Canadian journalist Donna Laframboise. Former National Post & Toronto Star columnist, past vice president of the Canadian Civil Liberties Association.
Greens reject the scientific consensus on genetically modified foods
In the global warming debate, those of us who are skeptical that catastrophic climate change is just around the corner are repeatedly bludgeoned with the cudgel of “scientific consensus.” We’re told that thousands of scientists, under the auspices of the Intergovernmental Panel on Climate Change, have examined all the evidence and made a decision. We’re reminded that prestigious scientific bodies endorse the idea of man-made global warming – and that the best scientific journals do, as well.

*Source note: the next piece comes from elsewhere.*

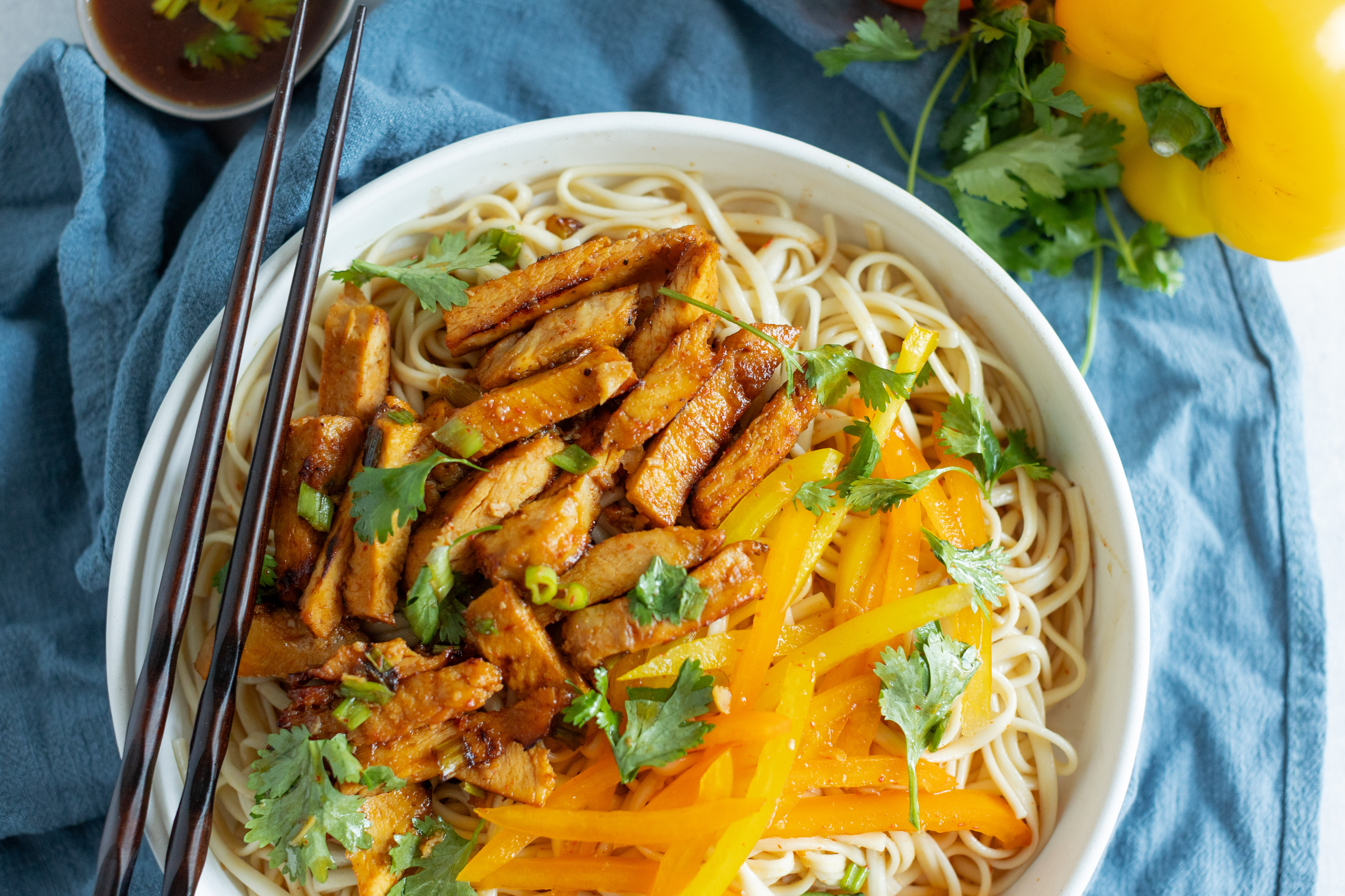 When the question is "what's for dinner," this dish is an answer that always makes people cheer! Sesame Chicken & Noodles are simple, speedy, and just so scrumptious! The noodles are tender and infused with the buttery and nutty flavor of sesame. Mixed in are sweet, tangy, savory chicken strips with a touch of garlic and chili heat. Mmmm, in just 20 minutes, you'll be eating Sesame Chicken & Noodles and living your best life!

Don’t we understand the debate is over? That science has spoken? That challenging the theory of global warming is on a par with believing that the moon landings were faked?
Over and over again we’re advised that this “scientific consensus” trumps all else. Greenpeace tells us this. So do its activist pals, Friends of the Earth.

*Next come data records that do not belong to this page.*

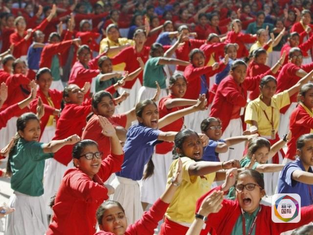 资料:2015年12月16日,印度艾哈迈达巴德,女学生集体练习防身术。(新华/路透)
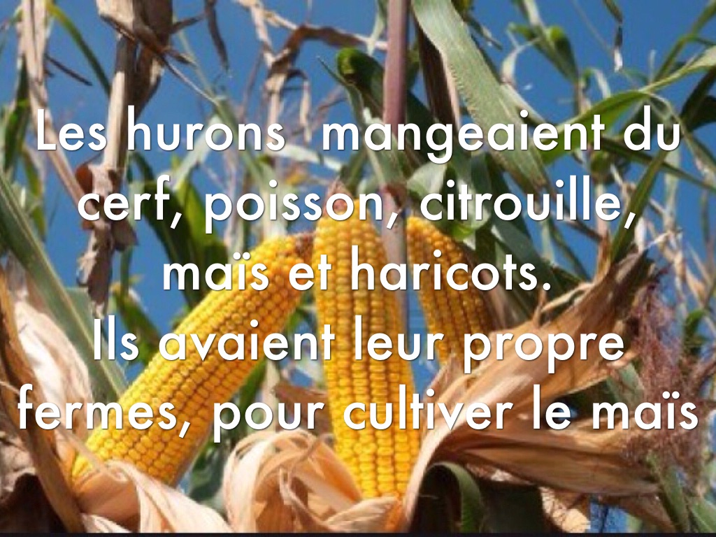 Les hurons mangeaient du cerf, poisson, citrouille, maïs et haricots.
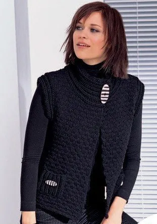 Чёрный жилет из несложных рельефных узоров, с накладными карманами и декоративными пуговицами «под зебру» очень быстро вяжется на толстых спицах.

Except that neither of these groups display one bit of respect for scientific consensus when the topic isn’t global warming but is instead genetically modified foods. The consensus that such foods are safe for humans, animals and the environment is extraordinarily broad-based. Indeed, one might argue that the list of scientific bodies that agree on this point is longer than the list of organizations that concur with global warming theory.
On June 28th, scientists at the European Food Safety Authority (EFSA) joined this consensus. They ruled that there is no reason to forbid the planting of genetically-modified corn in the European Union.

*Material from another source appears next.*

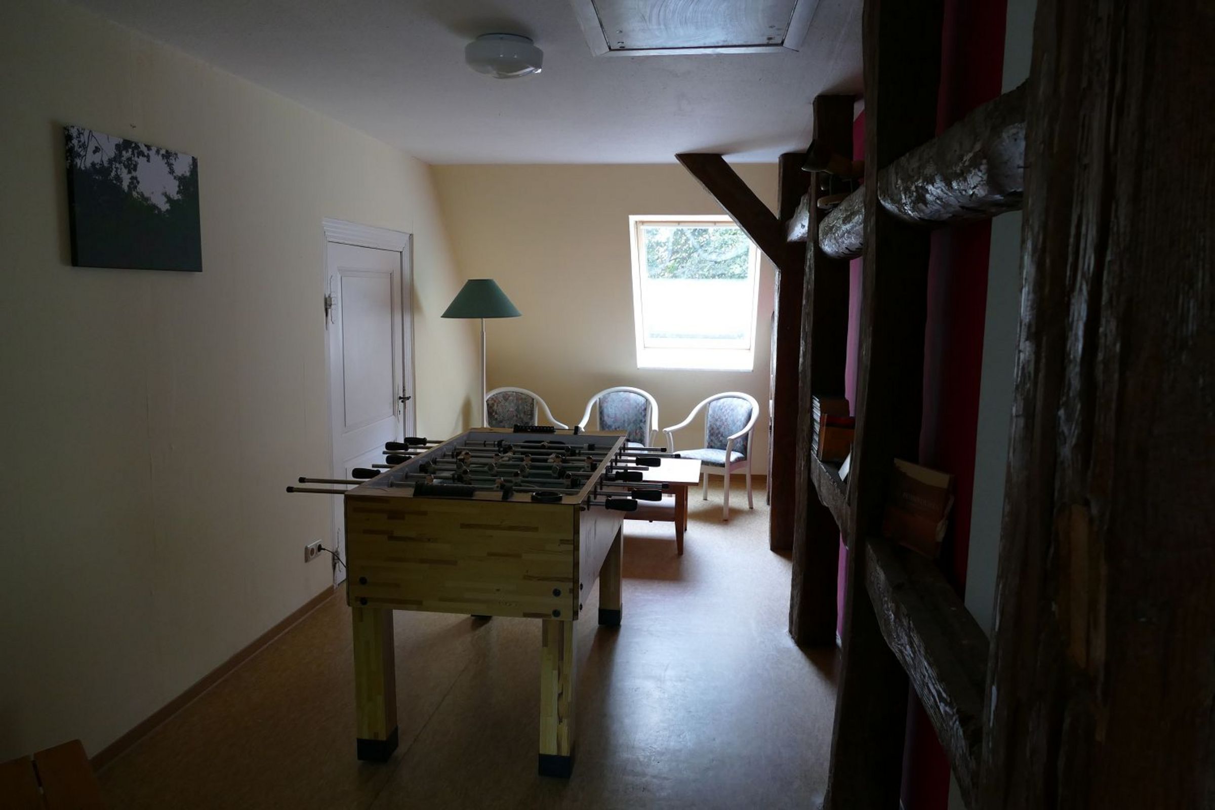 Unsere Ferienwohnung bietet Platz für 8 Personen. 4 Schlafräume mit je 2 Betten stehen Ihnen zur Verfügung, 2 Duschbäder, ein großer Aufenthaltsraum, eine Küchenzeile und nicht zu vergessen: der Tischkicker im Flur, der darauf wartet, einen Meister zu küren. 150 qm ist die Wohnung groß und vor allem eines: hell und freundlich. Morgens weckt Sie ein stolzer Hahn, tagsüber begleitet Sie das Zwitschern der Vögel.

How did Greenpeace respond? It so happens that Greenpeace opposes genetically modified foods for philosophical reasons. It argues that, no matter what humanity might gain from biotechnology (such as drought-resistant crops, blindness-preventing rice and medical discoveries) these aren’t sufficient “justification to turn the environment into a giant genetic experiment by commercial interests.”
So rather than being swayed by “scientific consensus,” Greenpeace chose to attack. It says the scientists who made this decision are unqualified. “Allowing EFSA to express opinions on GM crops while it cannot assess long-term environmental impacts is like allowing someone into a Formula 1 race just because they have a driving license,” says Marco Contier.
The response by Friends of the Earth was even more disturbing. Its spokesperson, Helen Holder, isn’t fazed by the fact most scientists appear to support genetically modified organisms [GMOs]. “It’s time to sack the EFSA scientists, to disband its GMO panel, and move GMO risk assessment” into the hands of a different decision-making body she says.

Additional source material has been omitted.